That trade-off in many members’ minds tells us something else, too. No Deal was not on the table during the referendum campaign itself and was - until very recently - an eccentric and fringe aspiration. It is now proximate to centre-ground when it comes to Tory members. Not, perhaps their first preference (and it is not, to be fair, Boris’ either) but certainly the lesser of an array of evils. Britain needs to face up to this reality and brace itself for what Brussels calls an ‘accidental crash out’ and Boris calls ‘not the end of the world’. Over the course campaign, as both Johnson and Hunt tested the preferences of MPs and members, it became clear that No Deal is now more popular with the Tory core than a further delay or simply passing the May compromise.


With Nigel Farage biting at his heels, a historically unpopular Labour leader and that cast iron pledge - ‘out on October 31st, do or die’ - ringing in his ears, Johnson has more to fear immediately from prevarication than he does from walking away.
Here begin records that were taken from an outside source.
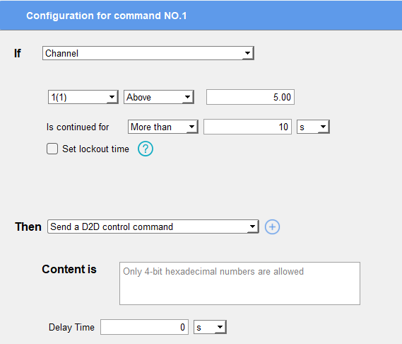 Send a D2D control command. When the IF condition triggers, UC100 can work as Milesight D2D controller to send a control command to control the Milesight D2D agent device. The command should be a 2-byte hexadecimal number.
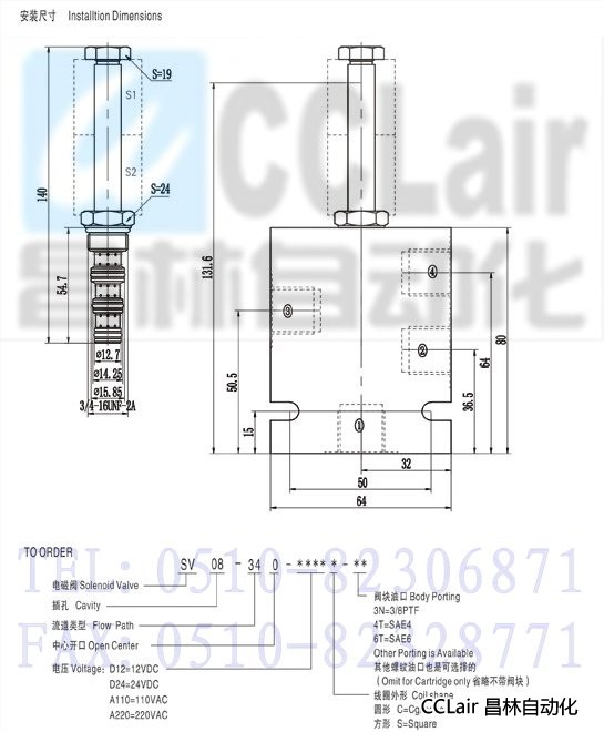 SV-08-340,電磁換向閥
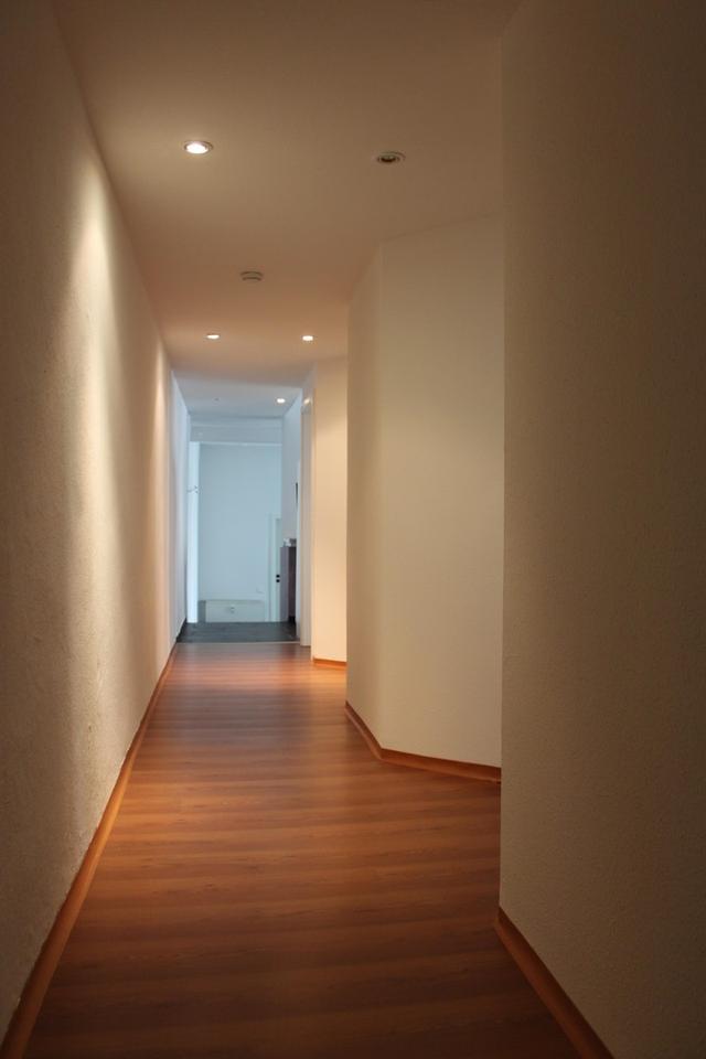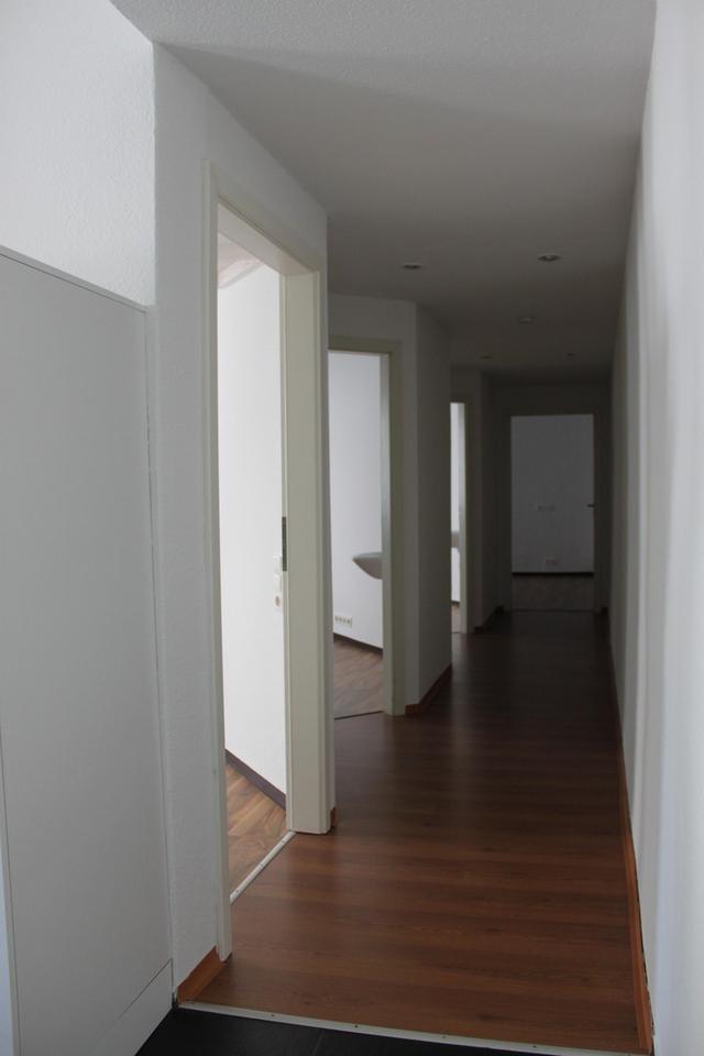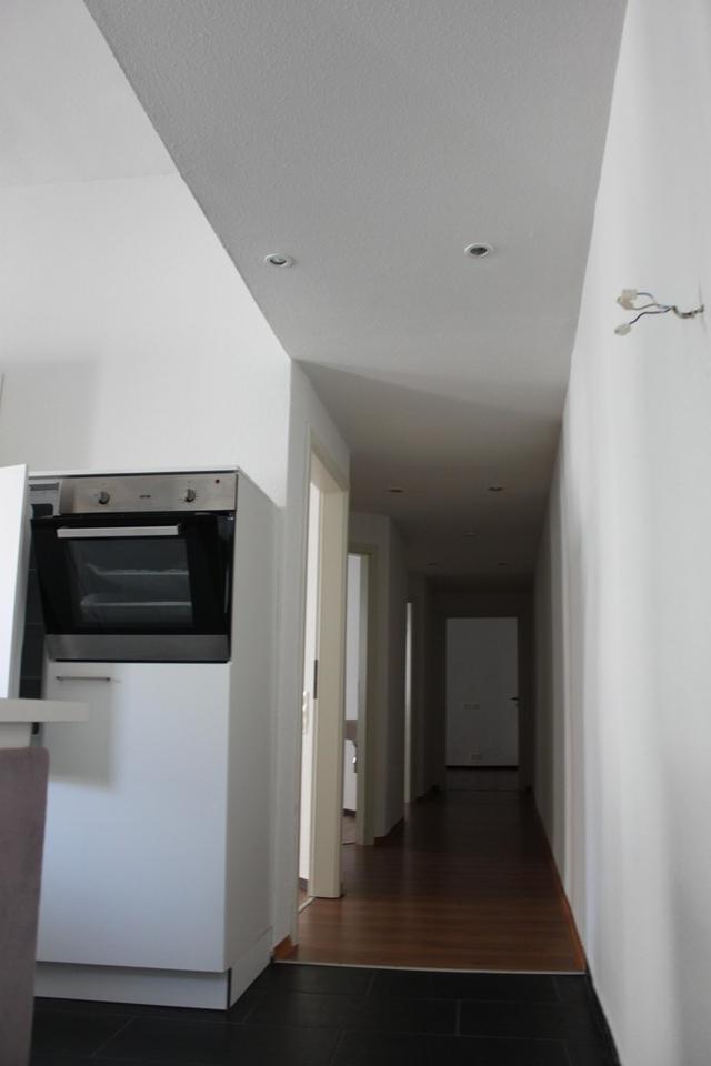 Helle Räume mit großzügigem Fensterlicht in Rauhfaser mit hochwertigem, strapazierfähigem Laminatböden in den Zimmern. Dunkle Steingut im Wohn- und Küchenbereich.

And Churchill’s sometime biographer may even see a sort of cleansing, righteous glory in delivering a bit of ‘blood, sweat and tears’. Alternatively, he needs to produce a new deal. Or, at least, a deal that looks different enough to May’s so as to give him a cloak of respectability when he brings it before Parliament. But my goodness, if he wants to last the year he had better be sure - really, really sure - that such a deal could pass through Parliament without alienating his newfound allies in the ERG. Tory leader after Tory leader has mistakenly believed they could trick or charm the hard-Eurosceptics. Tory leader after Tory leader has been brought low by that miscalculation. Boris the historian, Boris the keen observer of the rise and fall of his erstwhile friends, Boris the political animal surely knows this? Of course, for all it's potential allure, No Deal may prove easier chuntered than achieved. Big beasts are walking out of Government in advance protest. The current Chancellor stands prepared - perhaps - to bring down his own party’s Government rather than countenance No Deal. There are some pretty jittery donors out there and Boris - who famously hates to be disliked - may balk at the prospect of food and petrol shortages, protests and public rage, all of which No Deal might trigger.

So, as he moves into Downing Street tomorrow (‘Finally! A home of my own!’) Boris has some of the most difficult decisions faced by any new Prime Minister sitting, begging urgent attention, on his desk. That is before one considers impending war with Iran or the global trade battle between Trump and Xi. He faces all of this with a practically non-existent majority and an economy that has only just (really only just) emerged from the last existential crisis to befall it. Tomorrow he assumes the office he is said to have coveted since prep school or even earlier - he once, apparently, claimed to want to be ‘world King’ as a child - in the midst of a political crisis not seen here for at least forty years. One doubts that he will regret the winning of it. But he may yet come to regret the promises that he made in order to secure the victory.